Myślę że kora nie zawiniła, pewno masz żurawki, rozchodniki, to ich korzenie są najczęściej żywicielami larw.Teraz po wylęgu osobników dorosłych, możesz pryskać mospilanem, decisem. Ja w lasku na odporne krzaki stosuję dursban, ale wiele roślin po nim wegetuje, np róże są wrażliwe.
Ja pozbyłam się wszystkich żurawek i rozchodników. Opuchlaki ciągle mam, sąsiedzi mają truskawki
Cóż, zbieraj, pryskaj, sprawdzaj korzenie, tak to wygląda. Dziewczyny stosują nicienie wiosną , ja mam za duży ogród, za drogo to wychodzi.

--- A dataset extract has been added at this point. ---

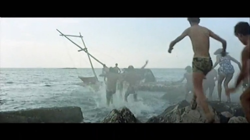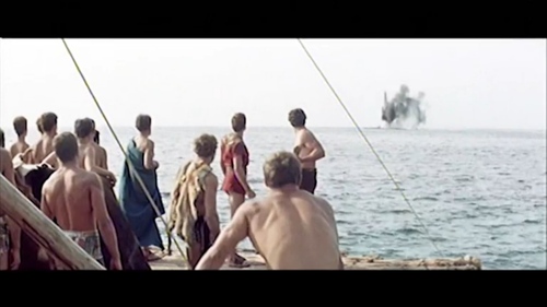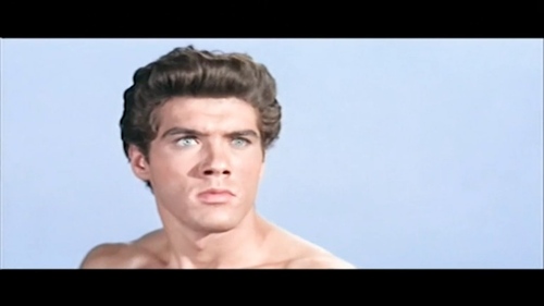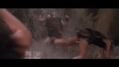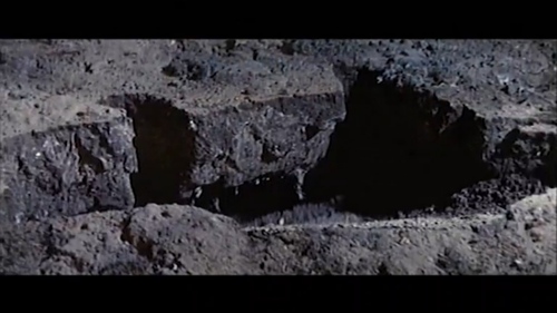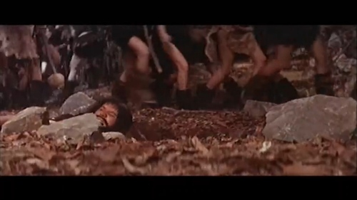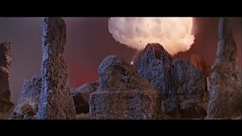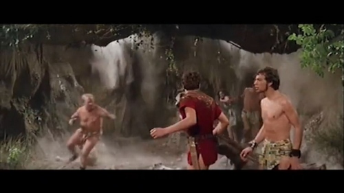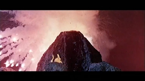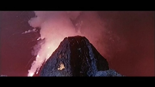 Nel film di finzione a colori, dopo una terribile eruzione vulcanica, Maciste guida i pochi sopravvissuti al disastro verso la terra di Urias. Qui, l'eroe va in soccorso di Amoha, regina locale in fuga dai tagliatori di teste. La lunga scena della catastrofe dell'opera si inserisce prima dei credits iniziali come prologo e scena fondamentale di innesco dell'azione. L'opera si apre con l'eruzione del vulcano ricreato attraverso un modellino e un set miniaturizzato di contorno con un fondale illuminato per ricreare l'effetto notturno e infuocato dell'aria. Ne deriva per gli abitanti che vivono nelle grotte, che sembrano quasi dei primitivi, il crollo delle stesse per i parossismi. Molti restano seppelliti. Si aprono delle spaccature dentro e fuori dalla grotta, in cui cadono alcuni. Una volta all'esterno, il terreno continua ad aprirsi sotto i loro piedi. Il vulcano prosegue le sue esplosioni (con un incremento di fuochi ed effetti piroclastici) ma con un errore di continuità tra la luminosità delle riprese esterne e il cielo completamente oscurato dell'edificio vulcanico. Guidati da Maciste, il gruppo si salverà correndo verso il mare. Il contrasto fra la scena diurna e il vulcano quasi al buio continua in altre inquadrature. Si accentua, alla fine, il primo piano dei protagonisti salvi dal mare mentre osservano l'esplosione dell'intera isola vulcanica....

Kora nie sprzyja wyłapywaniu bo one w dzień pewno siedzą pod korą. W determinacji nawet zgarniałam całą korę do dużego 70 l wiadra zalewałam wodą i wyłapywałam jak wypływały, ale jak do takiej wody dodasz trochę płynu do naczyń, to nie wypłyną tylko się utopią.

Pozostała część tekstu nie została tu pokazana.